- [Given material]:
↓↓↓
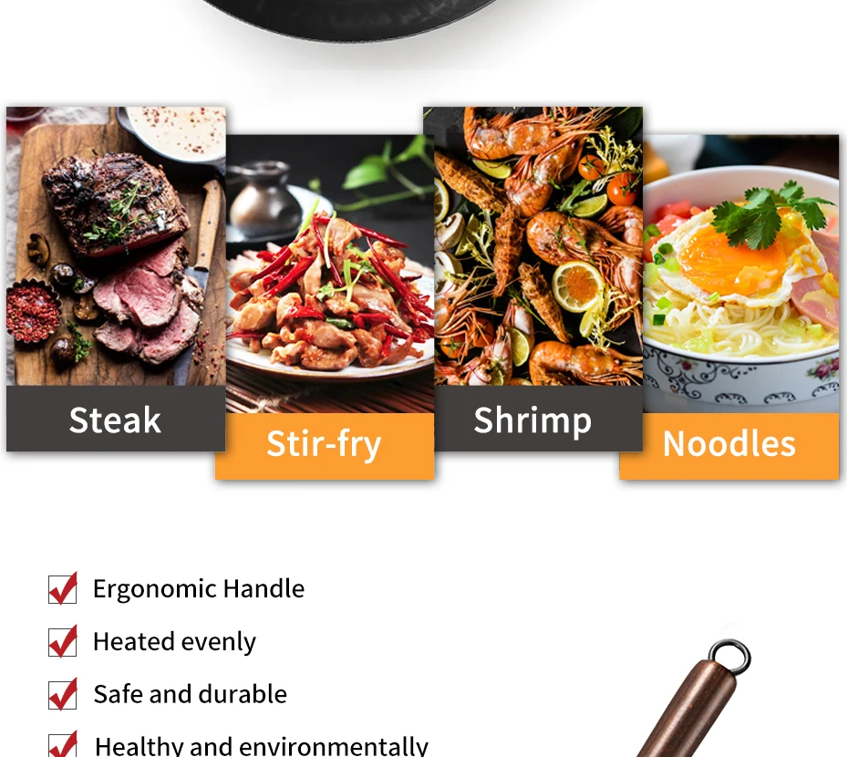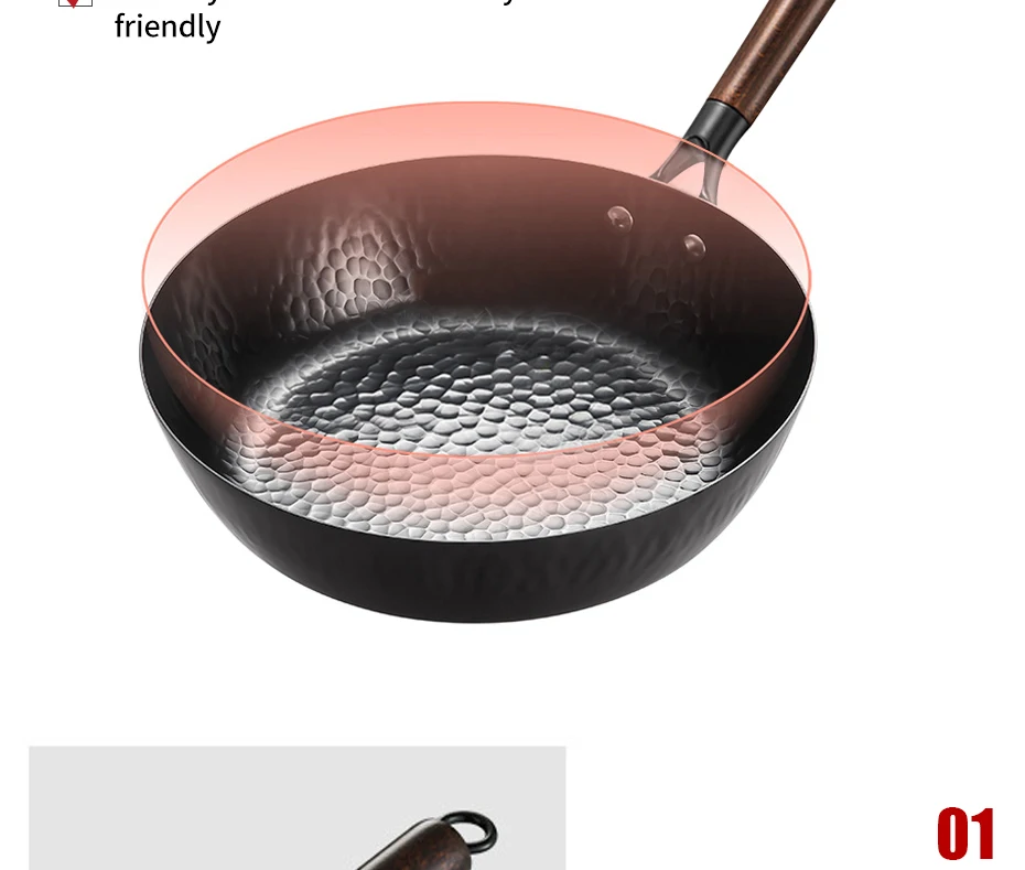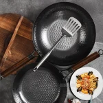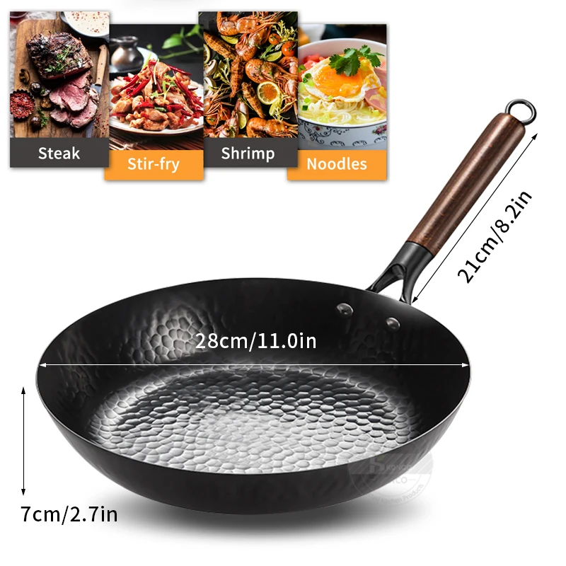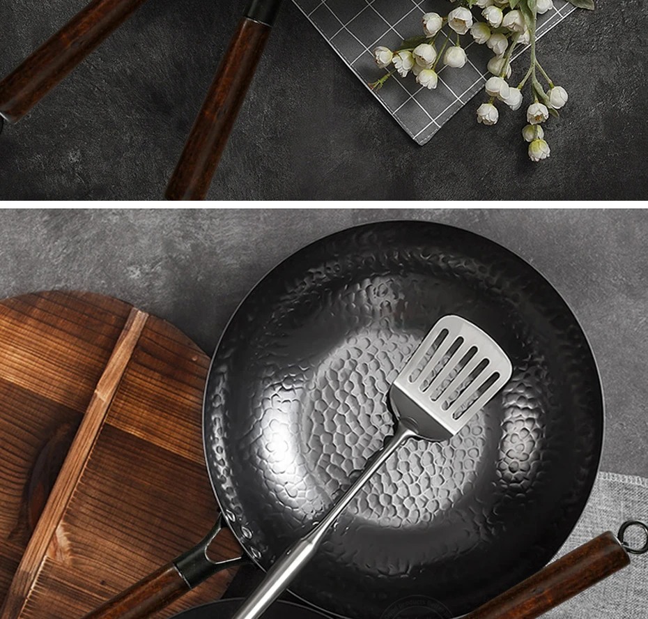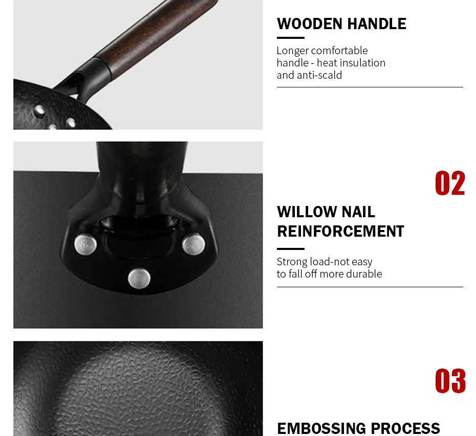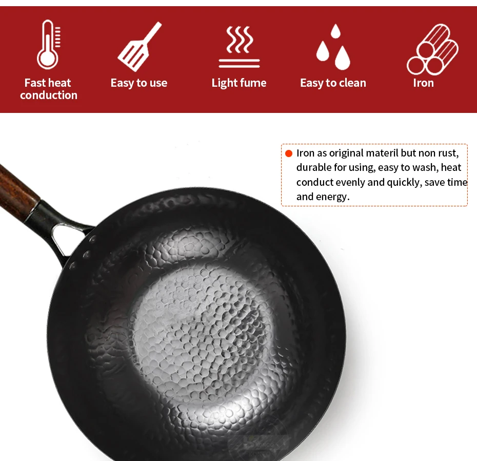 1.Uncoated wok surface, anti scratch from metal shovel or spatula;
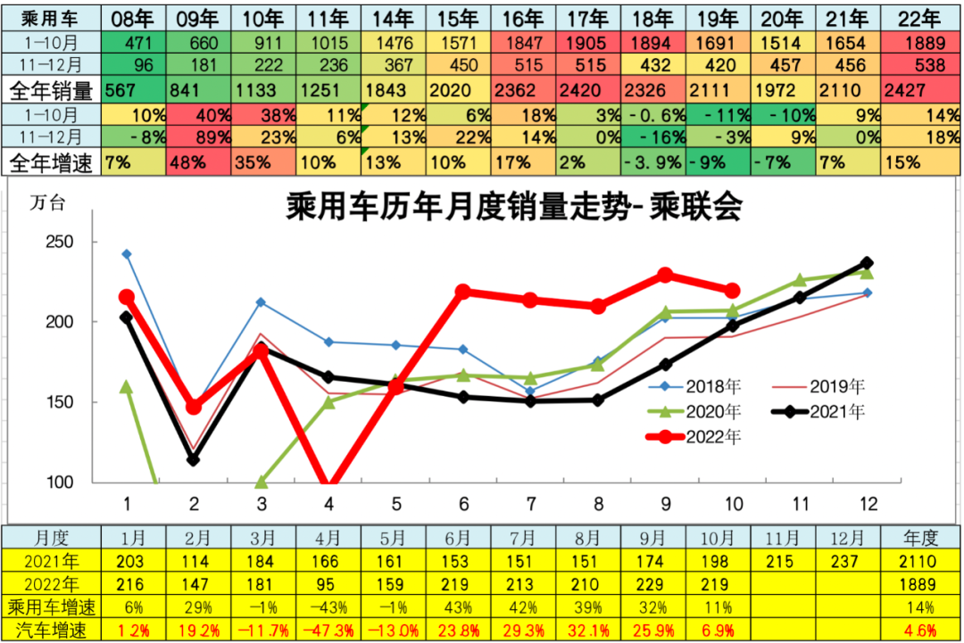 2022年1-10月传统燃油狭义乘用车销量1388万台,较去年同期累计下滑2%;10月传统燃油狭义乘用车销量152万台,较去年同期下降6%,环比上月下降。传统燃油车的走势相对低迷,由于基数偏低,目前传统车也在恢复增长中,但全年已经低于2019年销量较多。常规乘用车的持续下行带来较大的市场压力。
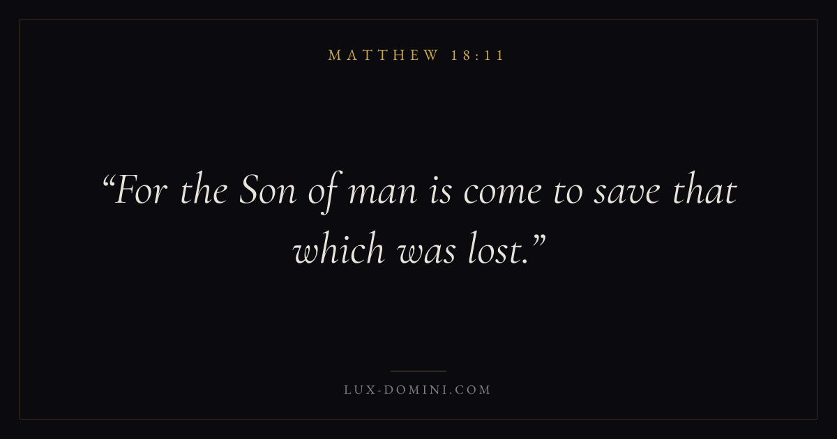 Books / Matthew / Chapter 18 / Verse 11 ← Matthew 18:10 Matthew 18:11 Matthew 18:12 → For the Son of man is come to save that which was lost. Download verse card Share on Twitter Share on Facebook Pin it ✦ Key themes WisdomSalvationFulfillmentKingdom of heaven Read with Matthew 18:10Proverbs 1:7James 1:5John 3:16 Related topics Bible verses about wisdomBible verses about salvation ✦ Matthew Chapter 18 verses V. 1 V. 2 V. 3 V. 4 V. 5 V. 6 V. 7 V. 8 V. 9 V. 10 V. 11 V. 12 V. 13 V. 14 V. 15 V. 16 V. 17 V. 18 V. 19 V. 20 V. 21 V. 22 V. 23 V. 24 V. 25 V. 26 V. 27 V. 28 V. 29 V. 30 V. 31 V. 32 V. 33 V. 34 V. 35
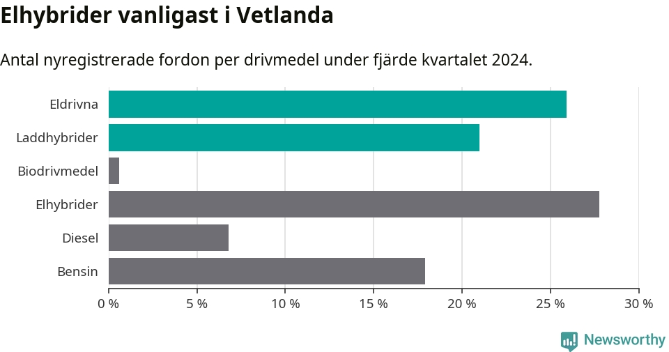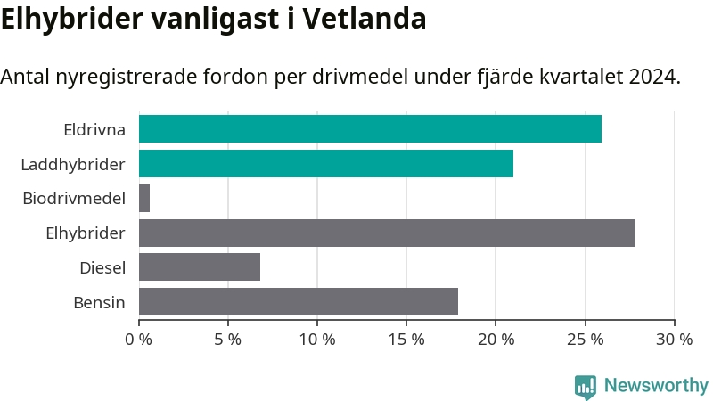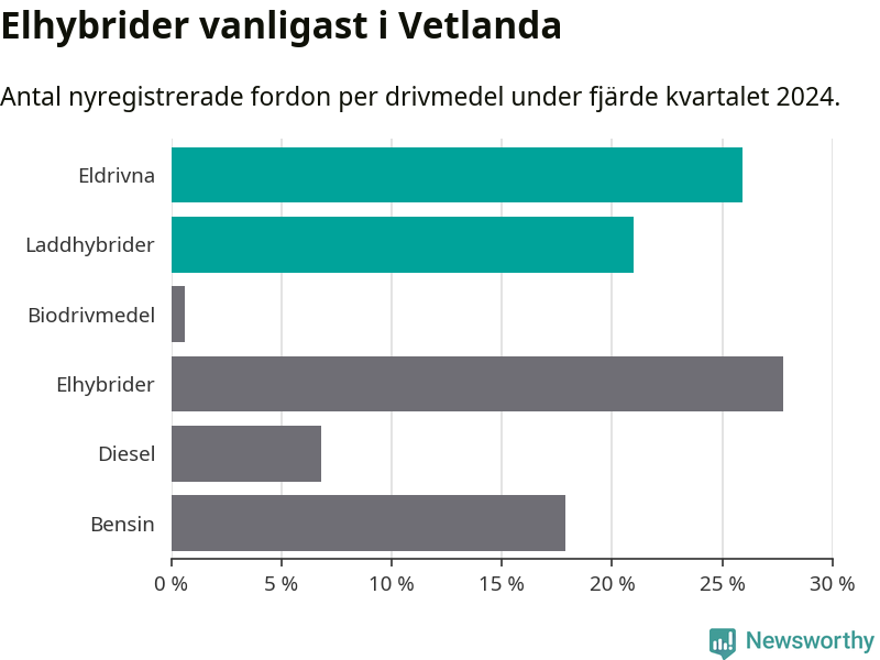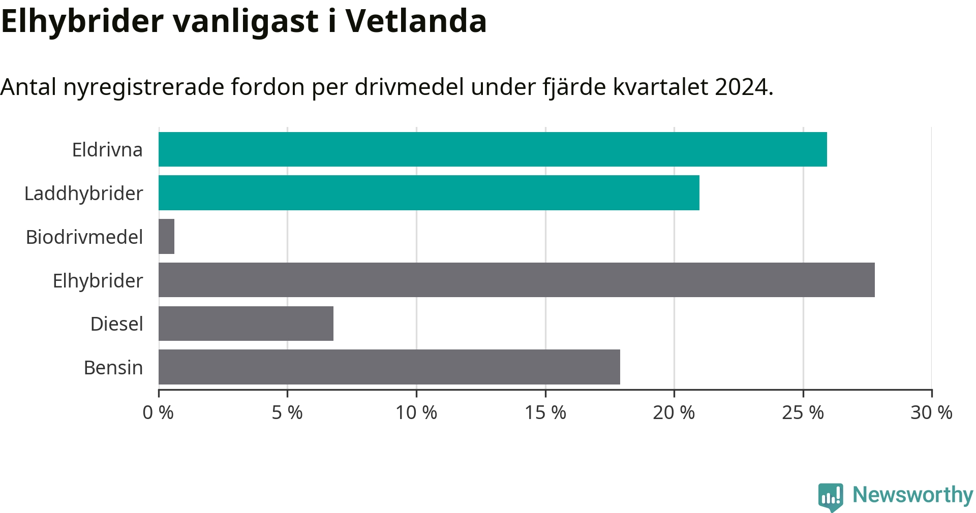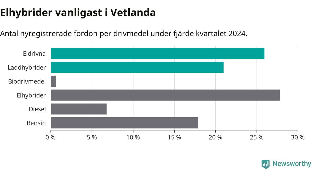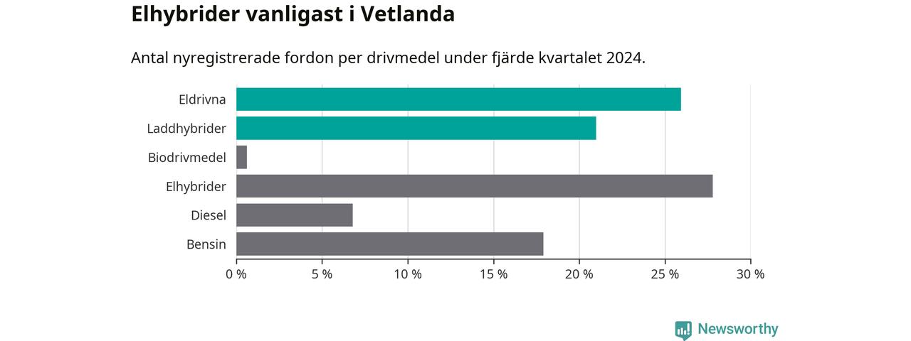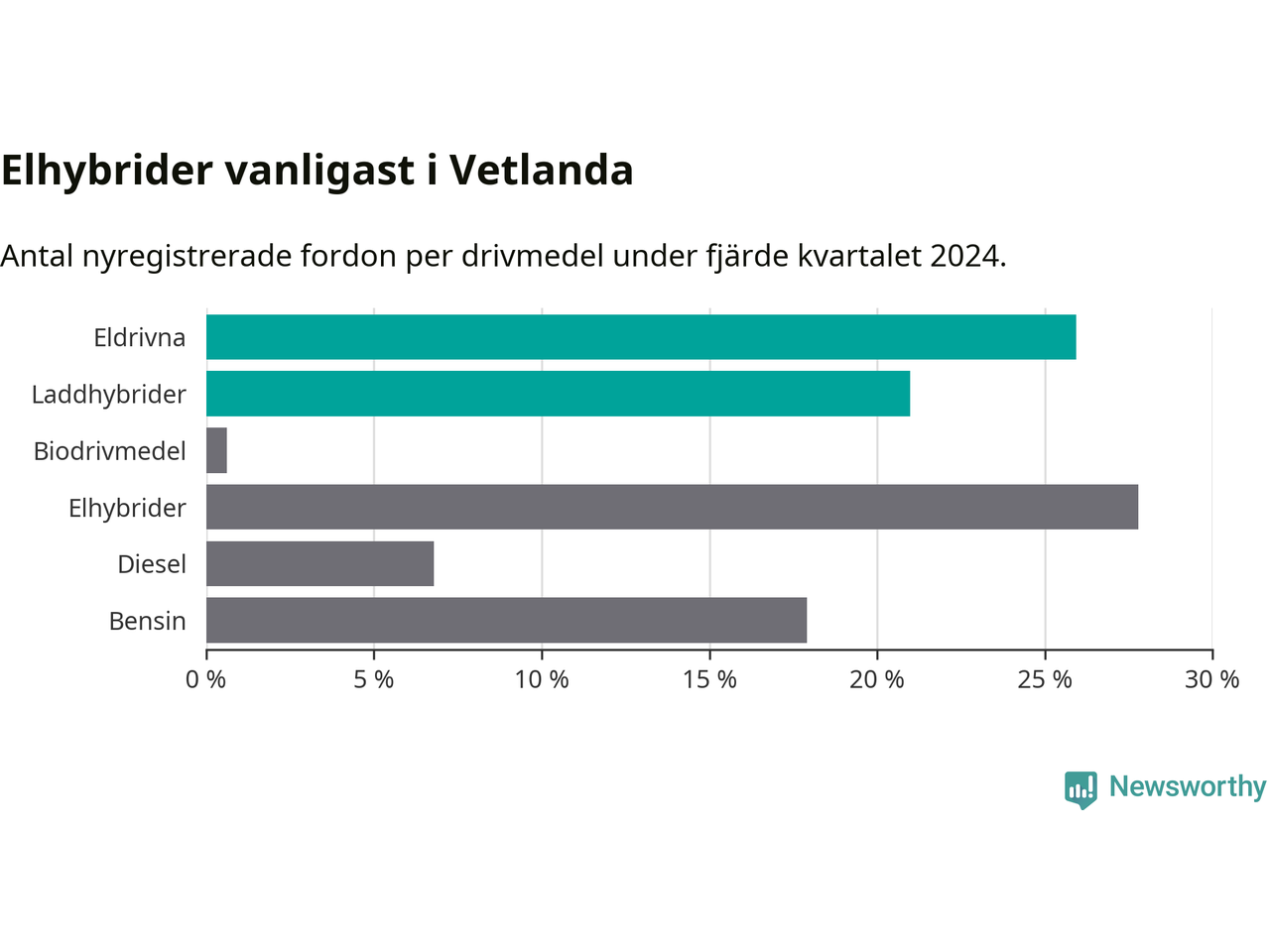 Under fjärde kvartalet 2024 var 47 procent av alla nyregistrerade personbilar i Vetlanda laddbara (sammanlagt registrerades 162 nya bilar). Merparten av de laddbara bilarna var rena elbilar (26 procent av alla).
↑↑↑
Leave out the pictures; repeat the data exactly.

- [Task output]:
 1.Uncoated wok surface, anti scratch from metal shovel or spatula;
 2022年1-10月传统燃油狭义乘用车销量1388万台,较去年同期累计下滑2%;10月传统燃油狭义乘用车销量152万台,较去年同期下降6%,环比上月下降。传统燃油车的走势相对低迷,由于基数偏低,目前传统车也在恢复增长中,但全年已经低于2019年销量较多。常规乘用车的持续下行带来较大的市场压力。
 Books / Matthew / Chapter 18 / Verse 11 ← Matthew 18:10 Matthew 18:11 Matthew 18:12 → For the Son of man is come to save that which was lost. Download verse card Share on Twitter Share on Facebook Pin it ✦ Key themes WisdomSalvationFulfillmentKingdom of heaven Read with Matthew 18:10Proverbs 1:7James 1:5John 3:16 Related topics Bible verses about wisdomBible verses about salvation ✦ Matthew Chapter 18 verses V. 1 V. 2 V. 3 V. 4 V. 5 V. 6 V. 7 V. 8 V. 9 V. 10 V. 11 V. 12 V. 13 V. 14 V. 15 V. 16 V. 17 V. 18 V. 19 V. 20 V. 21 V. 22 V. 23 V. 24 V. 25 V. 26 V. 27 V. 28 V. 29 V. 30 V. 31 V. 32 V. 33 V. 34 V. 35
 Under fjärde kvartalet 2024 var 47 procent av alla nyregistrerade personbilar i Vetlanda laddbara (sammanlagt registrerades 162 nya bilar). Merparten av de laddbara bilarna var rena elbilar (26 procent av alla).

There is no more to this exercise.